Friday’s arrest came at the end of a tense, days-long investigation that stretched across the country and involved numerous law enforcement agencies working together.

"Amazing work by FBI, ATF, NYC’s Joint Antiterrorism Task Force, NYPD, and law enforcement in Florida, California, New York, and across the country. One latent fingerprint and two DNA samples led to the arrest of Cesar Sayok for federal crimes that would put him away for decades," tweeted Harvard law professor Laurence Tribe.

The fingerprint discovery was further bolstered by other evidence, according to court documents filed in the case, which say misspellings on the addresses of the packages were consistent with misspellings on Sayoc's Twitter account.

Earlier Friday, New York Democratic governor, Andrew Cuomo, praised President Donald Trump for pledging "total coordination between state, local and federal resources — and he did that."

"This is a tough investigation. They handled it extraordinarily well," Cuomo told MSNBC's Andrea Mitchell.

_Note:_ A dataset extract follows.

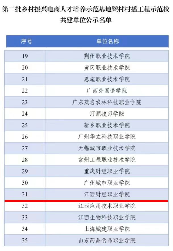 近日,农业农村部中国农业电影电视中心、全国乡村振兴产教融合联盟联合发布了《关于公布第二批乡村振兴电商人才培养示范基地暨村村播工程示范校共建单位的通知》。beat365官网经济贸易学院牵头、工商管理学院等二级学院联合申报的赣北乡村振兴电子商务培训基地项目成功获批立项。本次项目共吸引了国内100多家单位申报,最终35家单位获立项,包括2所本科、24所高职、6所中职、1家公司以及2个研究机构。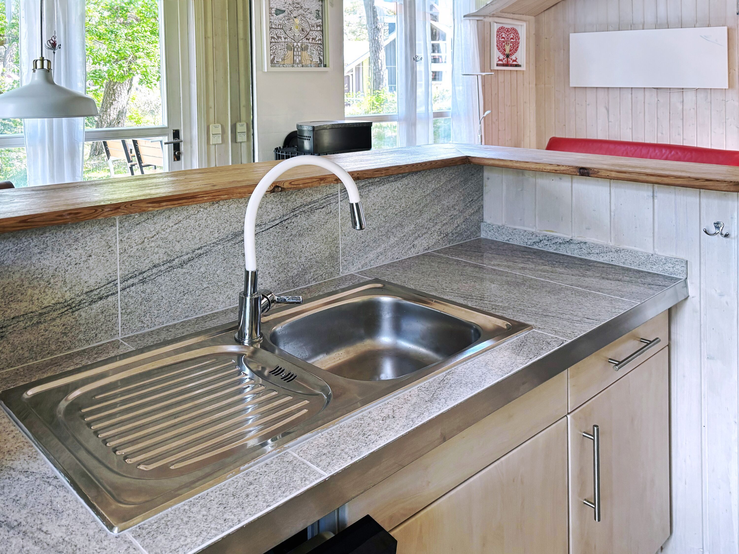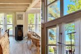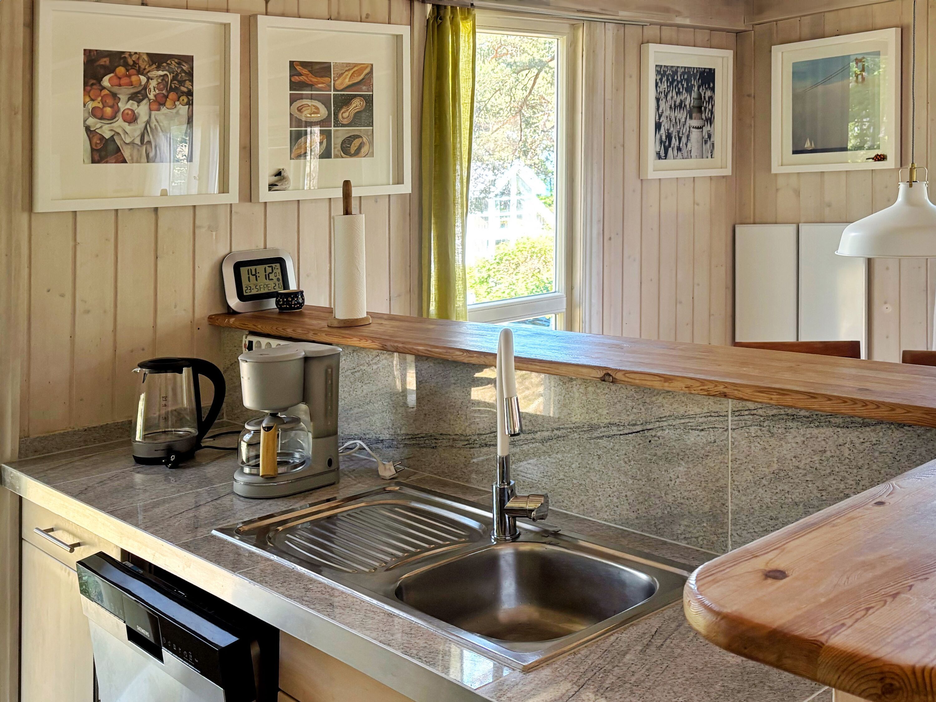 Im Erdgeschoss, das mit einer Elektro-Fußbodenheizung ausgestattet ist, dominiert das geräumige Wohn-/Esszimmer mit einer Couch, dem Kaminofen, einem Flachbild-TV, DVD-Player und einer Stereoanlage. Die in den Wohnraum harmonisch integrierte Küchenzeile ist mit einem 4-Platten-Cerankochfeld, Backofen, Kühlschrank, Geschirrspülmaschine, Mikrowelle sowie Kaffeemaschine, Wasserkocher und Toaster ausgestattet. Selbstverständlich ist auch das nötige Koch- und Essgeschirr vorhanden. Speisen können Sie entweder am großen Esstisch drinnen oder draußen an der frischen Ostseeluft auf Ihrer Terrasse.

But he warned the worst may not be over.

"I would not be surprised if there are additional packages. Just because he is caught doesn't mean he doesn't have other packages in route," Cuomo said. "Again, the good news is none of them have detonated. They're not fake bombs, that's propaganda, but they're not highly sophisticated devices either, so everyone should be on full alert."

It’s likely the packages contained a treasure trove of DNA and prints, retired ATF Special Agent In Charge Jim Cavanaugh told MSNBC earlier.

"On 10 unexploded bombs, that's going to be a fingerprint party," he said.

No one was hurt by any of the bombs, which Wray confirmed were "not hoax devices."

It is not clear what the motive was behind the packages, which came just two weeks before the midterm elections and all apparently targeted critics of the Trump administration.

Sayoc has been charged with five federal crimes and faces up to 48 years in prison. A spokesperson for the U.S. Attorney's Office said Sayoc's first appearance in federal court will be on Monday in Miami before Magistrate Judge Edwin G. Torres at 2 p.m.